- **What you are asked to do**
Transcribe word for word the section of the records below that opens with the line containing "Avocat Mihai Baco, Vicepreședinte" and closes with the line containing "Срібні сережки, доповнені"; drop every picture.
(Beginning of Data to process)
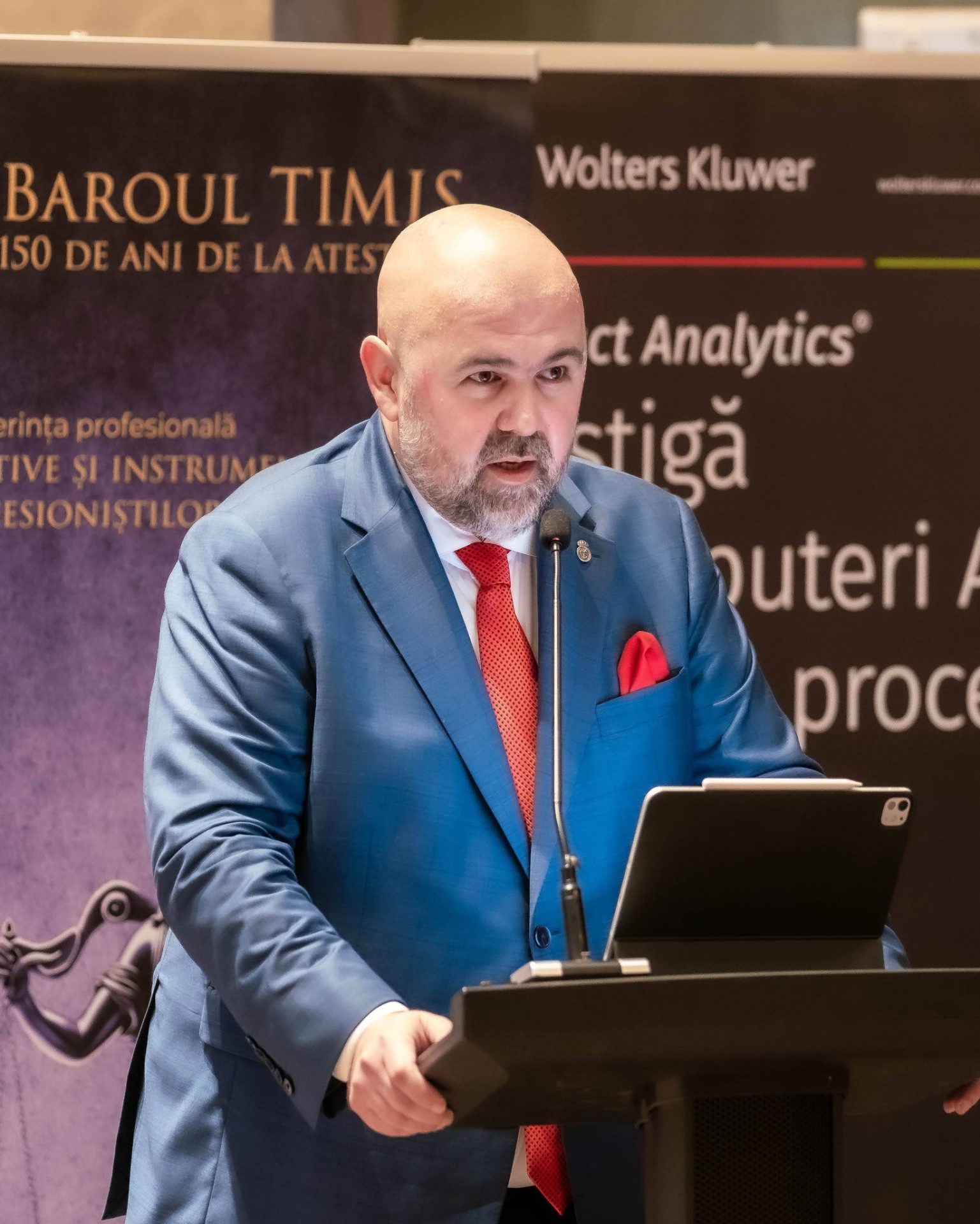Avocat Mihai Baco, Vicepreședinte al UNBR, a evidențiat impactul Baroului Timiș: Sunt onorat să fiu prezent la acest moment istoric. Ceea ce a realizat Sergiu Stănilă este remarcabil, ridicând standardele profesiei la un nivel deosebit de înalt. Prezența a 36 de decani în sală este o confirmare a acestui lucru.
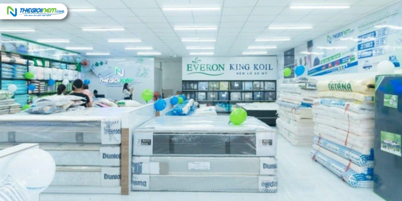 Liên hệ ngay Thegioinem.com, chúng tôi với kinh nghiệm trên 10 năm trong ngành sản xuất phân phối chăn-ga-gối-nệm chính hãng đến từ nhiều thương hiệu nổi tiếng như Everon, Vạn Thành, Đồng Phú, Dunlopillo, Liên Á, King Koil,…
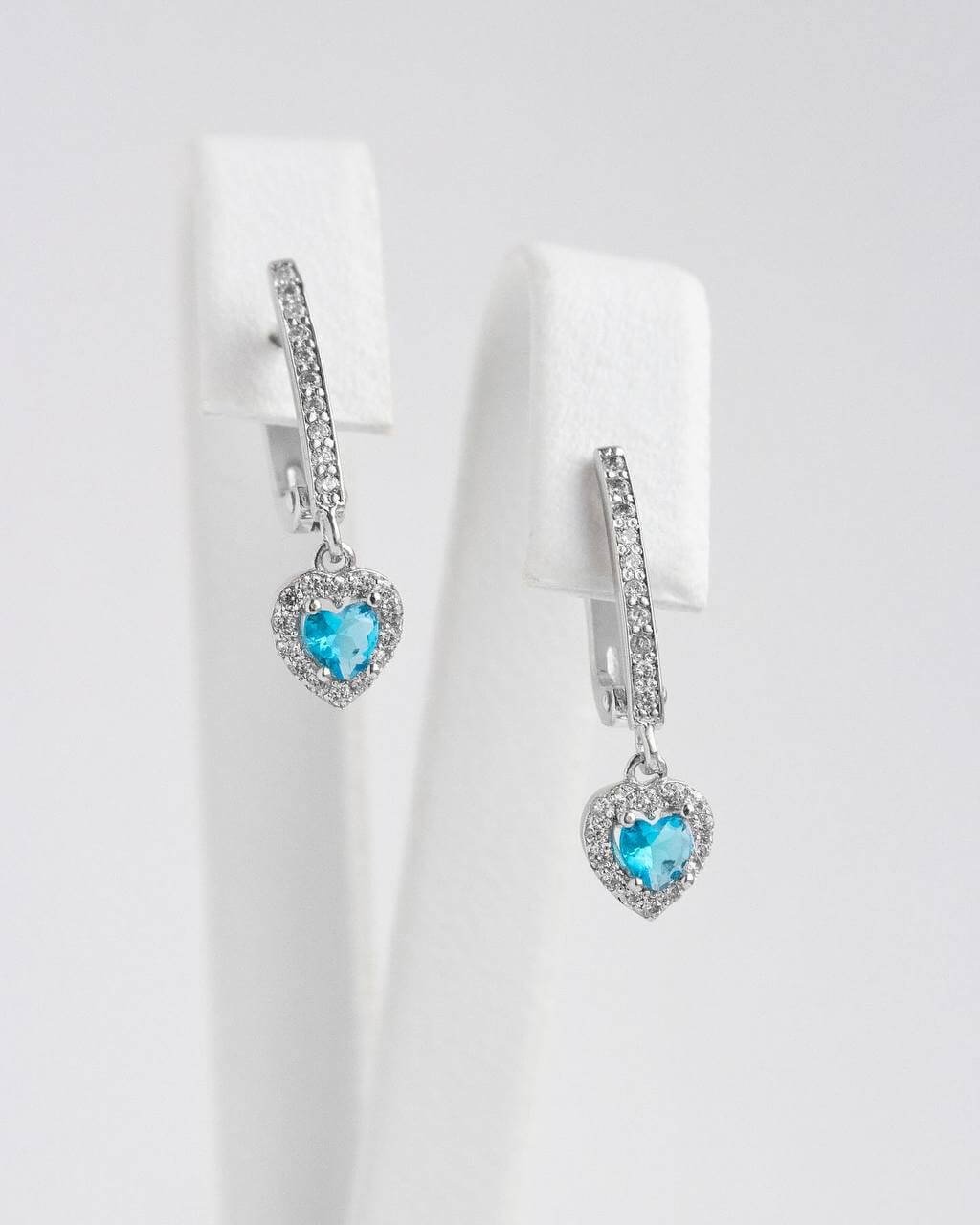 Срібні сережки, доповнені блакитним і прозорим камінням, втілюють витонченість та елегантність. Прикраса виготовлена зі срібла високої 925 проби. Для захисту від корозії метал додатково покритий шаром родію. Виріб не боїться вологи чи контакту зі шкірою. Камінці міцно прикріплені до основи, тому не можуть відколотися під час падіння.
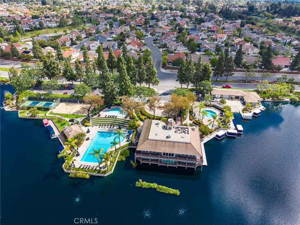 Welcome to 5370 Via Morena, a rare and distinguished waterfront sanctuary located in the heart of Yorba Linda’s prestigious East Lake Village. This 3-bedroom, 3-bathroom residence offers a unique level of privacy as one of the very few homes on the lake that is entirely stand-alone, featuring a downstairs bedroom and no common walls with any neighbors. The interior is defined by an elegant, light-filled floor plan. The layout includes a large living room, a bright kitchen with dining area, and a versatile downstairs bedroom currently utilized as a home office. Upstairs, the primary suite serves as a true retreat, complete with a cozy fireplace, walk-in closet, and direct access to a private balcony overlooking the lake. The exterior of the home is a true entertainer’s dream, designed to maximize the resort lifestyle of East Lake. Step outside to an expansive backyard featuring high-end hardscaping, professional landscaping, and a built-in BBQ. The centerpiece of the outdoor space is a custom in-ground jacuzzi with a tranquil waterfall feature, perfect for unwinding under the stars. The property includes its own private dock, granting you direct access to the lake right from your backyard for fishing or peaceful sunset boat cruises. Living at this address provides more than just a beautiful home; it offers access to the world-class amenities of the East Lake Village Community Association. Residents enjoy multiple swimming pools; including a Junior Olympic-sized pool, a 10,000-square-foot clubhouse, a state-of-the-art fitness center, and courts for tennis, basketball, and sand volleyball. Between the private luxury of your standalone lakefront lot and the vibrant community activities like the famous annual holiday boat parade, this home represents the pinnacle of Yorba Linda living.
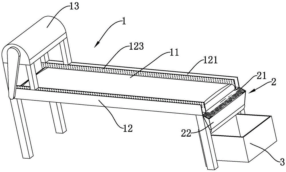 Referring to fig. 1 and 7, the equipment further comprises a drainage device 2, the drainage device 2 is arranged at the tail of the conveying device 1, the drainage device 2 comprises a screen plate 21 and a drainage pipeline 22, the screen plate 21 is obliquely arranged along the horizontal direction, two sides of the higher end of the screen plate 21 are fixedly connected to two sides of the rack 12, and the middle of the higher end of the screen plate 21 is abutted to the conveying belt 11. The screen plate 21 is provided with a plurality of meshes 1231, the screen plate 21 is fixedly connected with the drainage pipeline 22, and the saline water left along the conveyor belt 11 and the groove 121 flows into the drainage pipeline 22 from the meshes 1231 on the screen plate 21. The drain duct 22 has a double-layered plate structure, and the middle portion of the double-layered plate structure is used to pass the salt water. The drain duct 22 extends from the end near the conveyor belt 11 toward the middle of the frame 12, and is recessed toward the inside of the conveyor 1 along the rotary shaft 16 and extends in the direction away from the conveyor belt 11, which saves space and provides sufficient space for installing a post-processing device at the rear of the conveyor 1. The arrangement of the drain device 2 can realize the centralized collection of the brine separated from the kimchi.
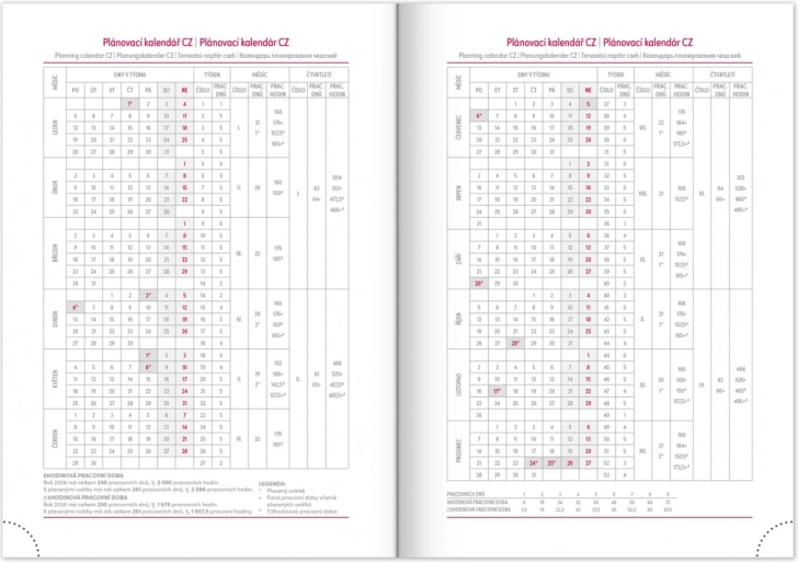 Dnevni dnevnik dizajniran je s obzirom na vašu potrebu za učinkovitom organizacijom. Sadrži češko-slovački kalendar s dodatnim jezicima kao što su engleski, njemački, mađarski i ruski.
(End of Data to process)
(Beginning of Data to process)
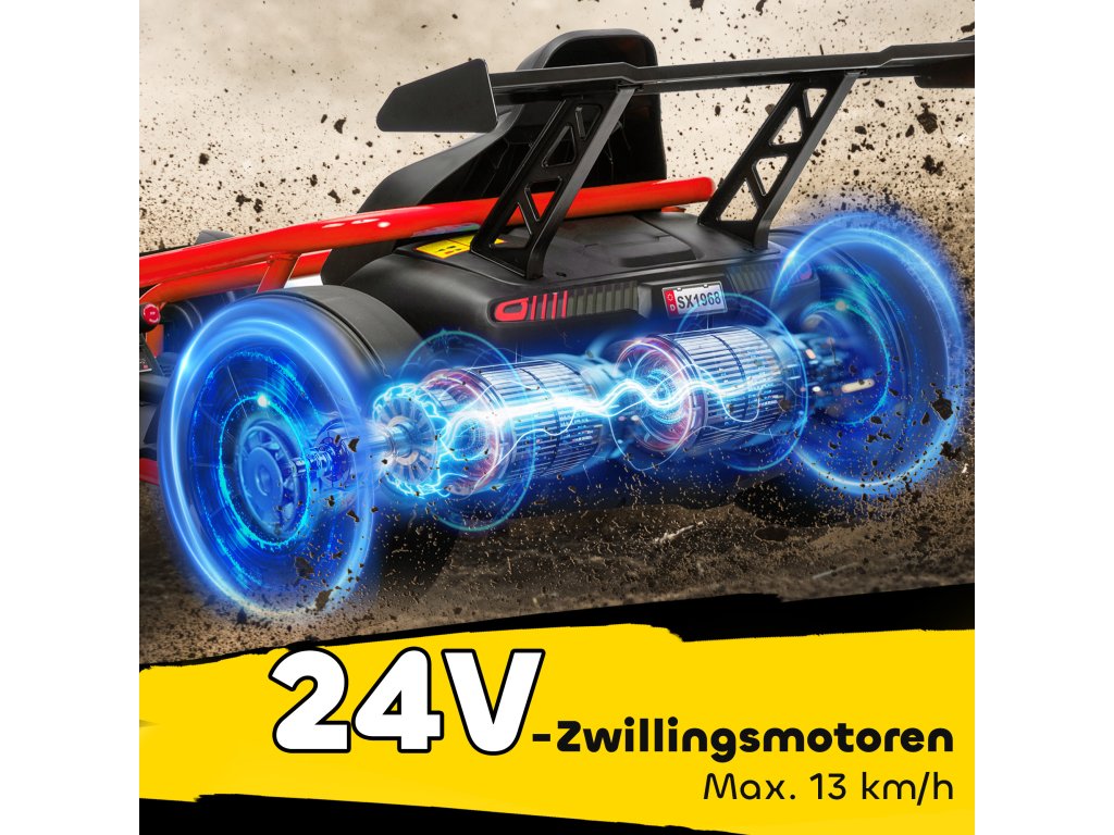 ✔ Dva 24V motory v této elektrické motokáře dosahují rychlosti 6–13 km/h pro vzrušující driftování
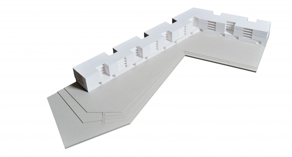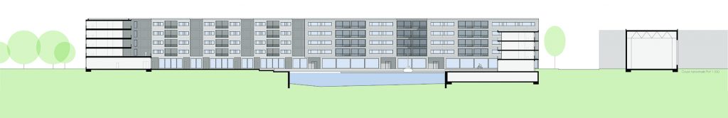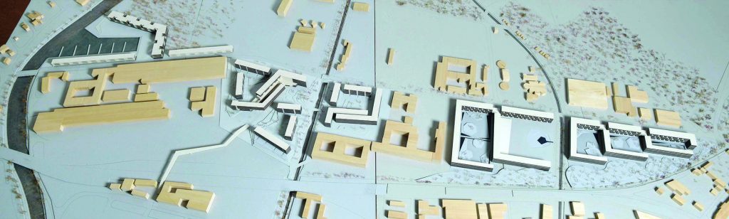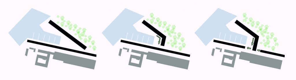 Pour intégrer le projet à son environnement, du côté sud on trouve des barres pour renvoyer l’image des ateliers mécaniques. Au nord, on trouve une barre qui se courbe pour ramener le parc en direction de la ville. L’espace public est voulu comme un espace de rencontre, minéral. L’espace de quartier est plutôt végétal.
(End of Data to process)
- **Solution for this exercise**
Avocat Mihai Baco, Vicepreședinte al UNBR, a evidențiat impactul Baroului Timiș: Sunt onorat să fiu prezent la acest moment istoric. Ceea ce a realizat Sergiu Stănilă este remarcabil, ridicând standardele profesiei la un nivel deosebit de înalt. Prezența a 36 de decani în sală este o confirmare a acestui lucru.
 Liên hệ ngay Thegioinem.com, chúng tôi với kinh nghiệm trên 10 năm trong ngành sản xuất phân phối chăn-ga-gối-nệm chính hãng đến từ nhiều thương hiệu nổi tiếng như Everon, Vạn Thành, Đồng Phú, Dunlopillo, Liên Á, King Koil,…
 Срібні сережки, доповнені блакитним і прозорим камінням, втілюють витонченість та елегантність. Прикраса виготовлена зі срібла високої 925 проби. Для захисту від корозії метал додатково покритий шаром родію. Виріб не боїться вологи чи контакту зі шкірою. Камінці міцно прикріплені до основи, тому не можуть відколотися під час падіння.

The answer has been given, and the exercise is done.